For example, if a lot of visitors leave a site after landing on a page with too little information, the organization may need to enhance the page with more valuable information. Likewise, if visitors often land on a page that isn't the website's homepage, then the organization may want to redesign that page to be more inviting, and informative to users.

### Benefits of clickstream data analysis
There are a number of benefits organizations can get from clickstream data, and clickstream analytics. Among them are the following,
- User information: The data collected can include search terms used, pages landed on, webpage features used, and the addition or removal of items from a cart, all of which can lead to more actionable insights.
- User routes: Organizations can use data analysis to view the different routes their online visitors or customers take to reach a page or to make purchase.
- Customer trends and insights: Collecting and analyzing the clickstreams of large number of visitors lets an organization identify the following areas,
    - How visitors get to the website?
    - What they do once they are there?
    - How long they stay on a page?
    - The number of page visits visitor make, and,
    - The number of unique and repeat visitors.
- UX: If a majority of users quickly leave a page or website, it could be a sign that the page is poorly optimized or does not contain enough information or the information is not of value. Clickstream data enables an organization to recognize UX shortcomings, enabling them to make necessary changes.
- Digital marketing: Clickstream data can be used to determine the amount of traffic coming from ad banners and campaigns. Such data provides insights as to which advertisments are most effective and lead to customer conversion rate optimization. Clickstream analysis can also derive what time of the day, month or year a marketing strategy is most effective.

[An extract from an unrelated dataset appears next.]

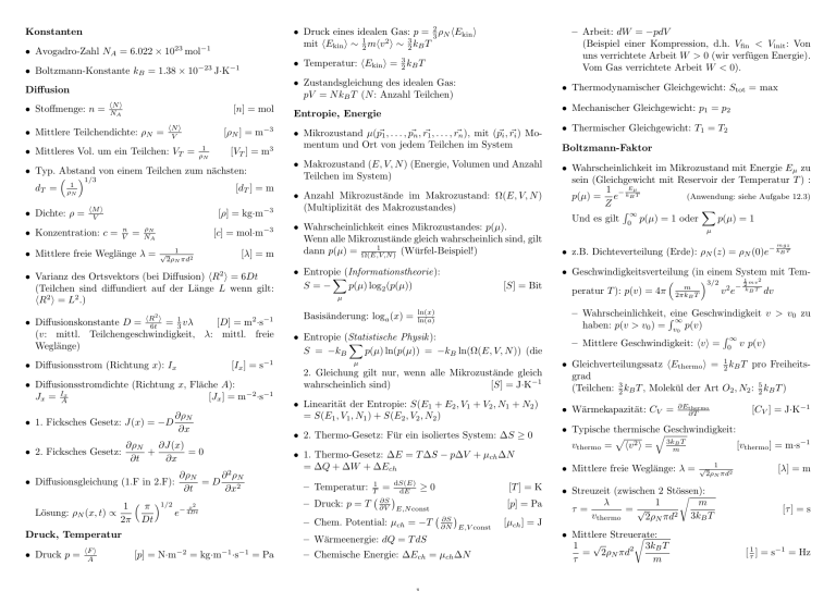 • Druck eines idealen Gas: p = 23 ρN hEkin i mit hEkin i ∼ 12 mhv 2 i ∼ 32 kB T Konstanten • Avogadro-Zahl NA = 6.022 × 1023 mol−1 • Temperatur: hEkin i = 23 kB T • Boltzmann-Konstante kB = 1.38 × 10−23 J·K−1 • Zustandsgleichung des idealen Gas: pV = N kB T (N : Anzahl Teilchen) Diffusion • Stoffmenge: n = hN i NA [n] = mol • Mittlere Teilchendichte: ρN = hN i V • Mittleres Vol. um ein Teilchen: VT = [ρN ] = m−3 1 ρN [VT ] = m3 • Typ. Abstand von einem Teilchen zum nächsten: 1/3 dT = ρ1N [dT ] = m • Dichte: ρ = hM i V • Konzentration: c = [ρ] = kg·m n V = ρN NA • Mittlere freie Weglänge λ = −3 [c] = mol·m−3 √ 1 2ρN πd2 [λ] = m • Varianz des Ortsvektors (bei Diffusion) hR2 i = 6Dt (Teilchen sind diffundiert auf der Länge L wenn gilt: hR2 i = L2 .) 2 • Diffusionskonstante D = hR6t i = 13 vλ [D] = m2 ·s−1 (v: mittl. Teilchengeschwindigkeit, λ: mittl. freie Weglänge) • Diffusionsstrom (Richtung x): Ix [Ix ] = s−1 • Diffusionsstromdichte (Richtung x, Fläche A): Jx = IAx [Jx ] = m−2 ·s−1 ∂ρN • 1. Ficksches Gesetz: J(x) = −D ∂x ∂J(x) ∂ρN + =0 • 2. Ficksches Gesetz: ∂t ∂x ∂ρN ∂ 2 ρN • Diffusionsgleichung (1.F in 2.F): =D ∂t ∂x2 1 π 1/2 − x2 Lösung: ρN (x, t) ∝ e 4Dt 2π Dt Druck, Temperatur • Druck p = – Arbeit: dW = −pdV (Beispiel einer Kompression, d.h. Vfin < Vinit : Von uns verrichtete Arbeit W > 0 (wir verfügen Energie). Vom Gas verrichtete Arbeit W < 0). hF i A • Mechanischer Gleichgewicht: p1 = p2 Entropie, Energie • Mikrozustand µ(p~1 , . . . , p~n , r~1 , . . . , r~n ), mit (~ pi , r~i ) Momentum und Ort von jedem Teilchen im System • Makrozustand (E, V, N ) (Energie, Volumen und Anzahl Teilchen im System) • Anzahl Mikrozustände im Makrozustand: Ω(E, V, N ) (Multiplizität des Makrozustandes) • Wahrscheinlichkeit eines Mikrozustandes: p(µ). Wenn alle Mikrozustände gleich wahrscheinlich sind, gilt 1 dann p(µ) = Ω(E,V,N ) (Würfel-Beispiel!) • Entropie X(Informationstheorie): p(µ) log2 (p(µ)) S=− [S] = Bit µ Basisänderung: loga (x) = ln(x) ln(a) • Entropie (Statistische Physik ): X S = −kB p(µ) ln(p(µ)) = −kB ln(Ω(E, V, N )) (die µ 2. Gleichung gilt nur, wenn alle Mikrozustände gleich wahrscheinlich sind) [S] = J·K−1 • Thermischer Gleichgewicht: T1 = T2 Boltzmann-Faktor • Wahrscheinlichkeit im Mikrozustand mit Energie Eµ zu sein (Gleichgewicht mit Reservoir der Temperatur T ) : 1 − Eµ p(µ) = e kB T (Anwendung: siehe Aufgabe 12.3) Z X R∞ Und es gilt 0 p(µ) = 1 oder p(µ) = 1 µ • z.B. Dichteverteilung (Erde): ρN (z) = ρN (0)e − kmgz T B • Geschwindigkeitsverteilung (in einem System mit Tem1 mv 2 3/2 −2 v 2 e kB T dv peratur T ): p(v) = 4π 2πkmB T – Wahrscheinlichkeit, Reine Geschwindigkeit v > v0 zu ∞ haben: p(v > v0 ) = v0 p(v) R∞ – Mittlere Geschwindigkeit: hvi = 0 v p(v) • Gleichverteilungssatz hEthermo i = 21 kB T pro Freiheitsgrad (Teilchen: 23 kB T , Molekül der Art O2 , N2 : 25 kB T ) • Linearität der Entropie: S(E1 + E2 , V1 + V2 , N1 + N2 ) = S(E1 , V1 , N1 ) + S(E2 , V2 , N2 ) • Wärmekapazität: CV = • 2. Thermo-Gesetz: Für ein isoliertes System: ∆S ≥ 0 • Typische thermischeqGeschwindigkeit: p BT vthermo = hv 2 i = 3km [vthermo ] = m·s−1 • 1. Thermo-Gesetz: ∆E = T ∆S − p∆V + µch ∆N = ∆Q + ∆W + ∆Ech – Temperatur: – Druck: p = T 1 T = dS(E) dE ≥0 [T ] = K ∂S ∂V [p] = Pa E,N const – Chem. Potential: µch = −T ∂S ∂N E,V const – Wärmeenergie: dQ = T dS [p] = N·m−2 = kg·m−1 ·s−1 = Pa • Thermodynamischer Gleichgewicht: Stot = max – Chemische Energie: ∆Ech = µch ∆N [µch ] = J ∂Ethermo ∂T • Mittlere freie Weglänge: λ = √ 1 2ρN πd2 • Streuzeit (zwischen 2 Stössen): r λ 1 m √ τ= = 2 vthermo 3k 2ρN πd BT • Mittlere Streuerate: r 1 √ 3kB T 2 = 2ρN πd τ m [CV ] = J·K−1 [λ] = m [τ ] = s [ τ1 ] = s−1 = Hz

### Establishing basic assumptions
- Question: How are cart additions defined?
    - A user can click on a particular item on the product page and adds it to their shopping list called the "cart".
    - They can later view the items in their cart and also add or remove items to or from it.
    - This is called as cart addition.
- Question: How are conversion metrics defined?
    - At myntra, the metric that is observed is the number of orders per session.
    - Orders per session is defined as, $\frac{\text{Number of orders placed in a day}}{\text{Total number of sessions accessed that day}}$.
    - One order can have multiple items.
- Question: How is a session defined?
    - A user session is defined as the browsing period between a login and the respective logout over the application.
    - One session can have multiple orders or cart additions.
- Question: What is a bounce session?
    - A user session in which the user landed only on a single page (Homepage) of the application and then leaves is known as a bounce session.
    - Bounce rate is calculated as, $\frac{\text{Number of bounce sessions in a day}}{\text{Total number of sessions accessed that day}}$.

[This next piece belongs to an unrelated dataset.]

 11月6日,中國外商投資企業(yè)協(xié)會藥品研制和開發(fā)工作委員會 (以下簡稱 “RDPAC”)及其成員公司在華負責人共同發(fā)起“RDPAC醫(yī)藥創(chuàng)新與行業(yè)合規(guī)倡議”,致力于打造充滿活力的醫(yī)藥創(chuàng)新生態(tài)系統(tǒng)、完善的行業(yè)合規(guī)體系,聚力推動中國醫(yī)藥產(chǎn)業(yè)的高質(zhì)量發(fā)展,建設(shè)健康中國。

### Creating a rough estimate
- Total number of session = 100.
    - Assuming that the average number of sessions per day after the decline was observed were around 100.
- Bounce rate = 10%.
    - Generally the bounce rate of an app is around 10%.
- Non-bounced sessions = 100 - (10% of 100) = 90.
- Sessions with product page view,
    - Around 1/3rd of the browsing sessions ends onto the product page = 33% of non bounced sessions = 30 (approx.).
- Sessions with add to cart or buy now = 15.
    - In 50% of the cases, a user viewing a product added to their cart.
- Sessions with checkout = 12.
- Sessions with payments = 6.
- Sessions with confirmed orders = 5.
    - Therefore, the conversion rate is 5%.

### Backtracking the user journey
Since the conversion rate is down by 2%,
- There could be a drop in total number of user sessions per day,
- There could be an increase in the bounce rate of the platform.
- Users might not proceed past the product page if they do not like the product.
- Users might not be able to add products to their shopping cart.
- Users might be having some issues during the checkout processor while making payments.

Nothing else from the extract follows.